VA: Aus irgendwelchen Gründen kam es am vorherigen Abend zu einer heftigen Feier. Weswegen auch immer war einfach jeder in Party-Laune und so wurde es ziemlich spät und einiger Alkohol floss. Hier müssen wir leider noch diese Nacht weiterfahren. Schade, aber da kann man nichts machen.

MF: Richten wir unser Augenmerk nun auf die Zukunft: Tausende Fans hegen natürlich die Hoffnung, dass Heaven and Hell nach dieser Tour nicht einfach wieder der Geschichte angehören wird, sondern vielleicht sogar eine brandneue Scheibe voller bärenstarker Metal-Hymnen auf uns loslassen werden. Konkreter Plan, Möglichkeit oder Unsinn?

VA: Es wurde erwähnt, wir haben uns Gedanken dazu gemacht aber noch nichts ist entschieden. Ich denke, jeder will zuerst diese lange Tour hinter sich bringen, denn man muss zuerst schauen, wie wir uns nach einer solch langen Zeit unter einander verstehen und vertragen. Bisher wurde die Idee einige Male verworfen, dann wieder für möglich erklärt, aber einen effektiven Plan gibt es noch nicht.

MF: Deine Meinung dazu?

VA: Ich würde es einfach fantastisch finden und wäre sofort dabei! Weißt du, normalerweise sperrst du dich im Studio ein, machst eine Platte und gehst dann auf Tour. In diesem Fall wäre die Tour zuerst gekommen und dann könnten wir unserer Kreativität im Studio freien Lauf lassen. Nach einer Tour hat man noch das ganze Feuer in sich und ist mit den anderen vielmehr verbunden, einfach eingespielt. Das würde es viel einfacher machen.

MF: Welche Pläne haben „Heaven and Hell“ bis zum Jahresende?

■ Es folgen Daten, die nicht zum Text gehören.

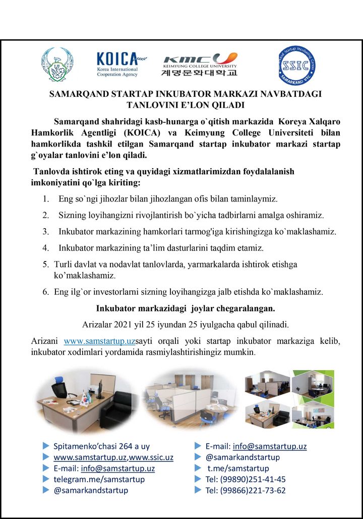 Samarqand shahridagi kasb-hunarga o`qitish markazida Koreya Xalqaro Hamkorlik Agentligi (KOICA) va Keimyung College Universiteti bilan hamkorlikda tashkil etilgan Samarqand startap inkubator markazi startap g`oyalar tanlovini e’lon qiladi.

VA: Da wird nicht mehr viel mehr als Touren auf dem Plan stehen. Nach unserem Europa-Festival-Abstecher werden wir wieder zurück in die Staaten gehen, danach steht noch Asien und Südafrika und vielleicht ein zweites Mal Europa auf dem Plan und Australien kommt, so viel ich weiss auch noch das Fett weg. Ja… das dauert sicher bis Jahresende…

MF: Wo siehst du dich, die Drum-Legende Vinnie Appice und/oder Heaven and Hell in 10 Jahren?

VA: Oh verdammt… Das weiss ich nicht! 10 Jahre klingt nach einer verdammt langen Zeit. Das, was ich am meisten hoffe: das wir dann noch spielen werden! Aber eine solch lange Zeit haben wir noch nie zusammen durchgehalten, hahaha… Ich weiss es nicht, ich weiss es wirklich nicht! Was ich hoffe und aber auch fest glaube ist, dass diese Art von Musik auch nach einer weiteren Dekade noch von vielen, wenn nicht noch mehr Leuten gehört und geliebt werden wird. Man muss sich mal vorstellen, dass Black Sabbath nun schon beinahe 40 Jahre alt sind. Das ist ja unglaublich…

MF: Und nun noch die Frage, die jeder Musiker beantworten muss, schliesslich wollen auch wir Schweizer erwähnt werden: Was verbindest du mit der Schweiz? Welche Erinnerungen und Eindrücke hast du dazu?

VA: Von diesem Land?

MF: Ja, von der Schweiz. Da befindest du dich übrigens gerade.

VA: Aha, so heisst dieses Fleckchen also… neinein, ich scherze. Es ist eindrücklich teuer hier! Wir sind heute und gestern ein wenig durch die Gegend gezogen und sind richtig gehend erschrocken. Wir leben ja in den USA und dort beklagt man sich schon über die Preise, aber hier ist es ja ungeheuerlich! Wunderbar ist aber de schöne Infrastruktur, so zum Beispiel der Flughafen… alles modern und gepflegt, im Vergleich dazu wirken die Flughäfen in den Staaten viel chaotischer… das gefällt mir.

MF: Das wärs dann schon gewesen. Ich danke vielmal und wünsche einen guten Gig.

VA: Ich danke euch. Viel Spass bei der Show!